Молодой мужчина легким, почти танцевальным движением преодолел разделявший их шаг и хотел было забрал из руки юной женщины гребень с острыми зубьями, способный поранить неосторожного человека, но красавица столь же неуловимым жестом спрятала роскошное украшение за спину, вынуждая того обхватить руками её гибкий стан. Несколько мгновений он пытался вырвать из ее руки гребень, но лишь оцарапал пальцы. Конечно, одолеть красотку он мог бы без труда, но, казалось, боялся причинить ей вред.

Капризная красавица, звонко рассмеявшись, вырвалась из объятий и, грациозно отскочив на пару шагов, поднесла ладонь ко рту. Она тоже оцарапалась гребнем и сейчас как кошка зализывала ранки на коже, одновременно лукаво и требовательно глядя на молодого человека. Гребень полетел на пол.

Молодой человек обмотал руку платком и молча смотрел на красотку.

— Почему ты его не убил?! Ты мог, я видела! — возлюбленный красавицы уловил нотку возмущения в голосе, но лишь усмехнулся снисходительно:

— Это королевская коррида, Марси*, а я не был приглашен, глупышка! Или ты думаешь, что я так безрассуден, что отправлюсь в крепость, вызывав раздражение короля, а тебя оставлю одну среди местных вертопрахов?

— Не одну, а с мужем! — надула губки капризная любовница, но, увидев складку на лбу молодого человека, поспешила оправдаться: — Не злись, ты же знаешь, он давно уже не может познать женщину, я принадлежу только тебе!

— Федерико ты тоже так говорила? — молодой человек развернулся так же резко, как заговорил, поднял с пола дублет, и, накидывая его на плечо, сделал шаг к двери, но выйти не успел — юная женщина загородила выход, а когда молодой человек попытался ее отодвинуть, внезапно впилась в его губы жадным поцелуем. Но, кажется, ревнивец не захотел ответить на ласку, потому что, оторвав от себя красавицу, всё же попытался выйти.

Тогда возлюбленная упала к его ногам, обняв колени с такой силой, что было очевидно — освободиться от объятий, не вывернув ей руку, было совершенно невозможно.

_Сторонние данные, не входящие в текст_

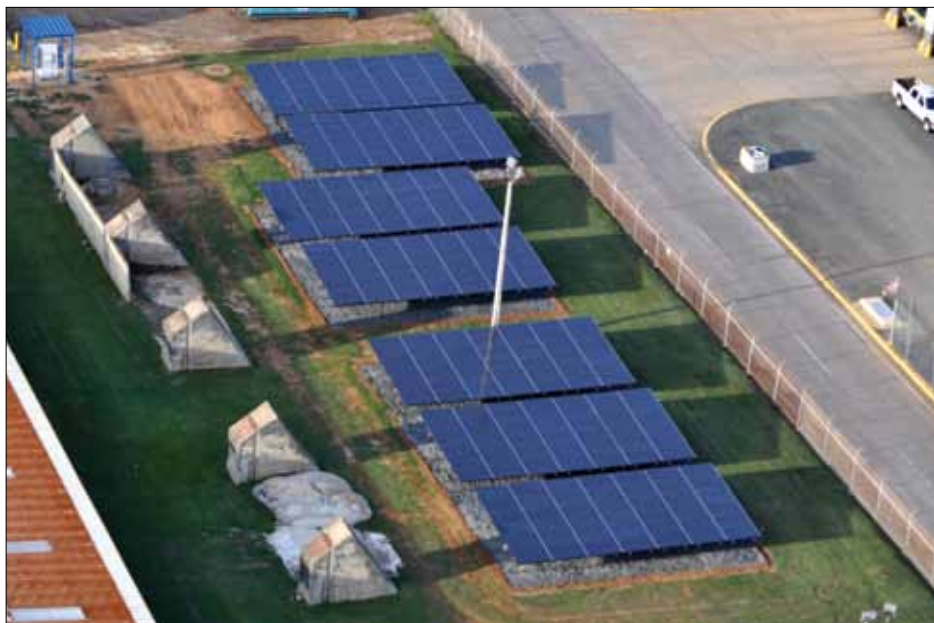
The service recently installed solar panels at Air Station Borinquen.

На миг оба замерли: он гневный, она на коленях у ног любовника.

— Ты не ответила на мой вопрос, — молодой человек намотал на руку тяжелый пучок волос, вынуждая красавицу смотреть ему прямо в глаза. Оба понимали, что достаточно одного движения руки, чтобы переломить ей шею… Но он всё-таки чуть разжал руку, продолжая тем не менее требовательно смотреть ей в лицо.

— Нет, конечно, нет, — резко и зло выпалила та вдруг и, в один миг извернувшись, подобно гибкому зверьку впилась зубами в руку человека, которого только что пыталась задержать.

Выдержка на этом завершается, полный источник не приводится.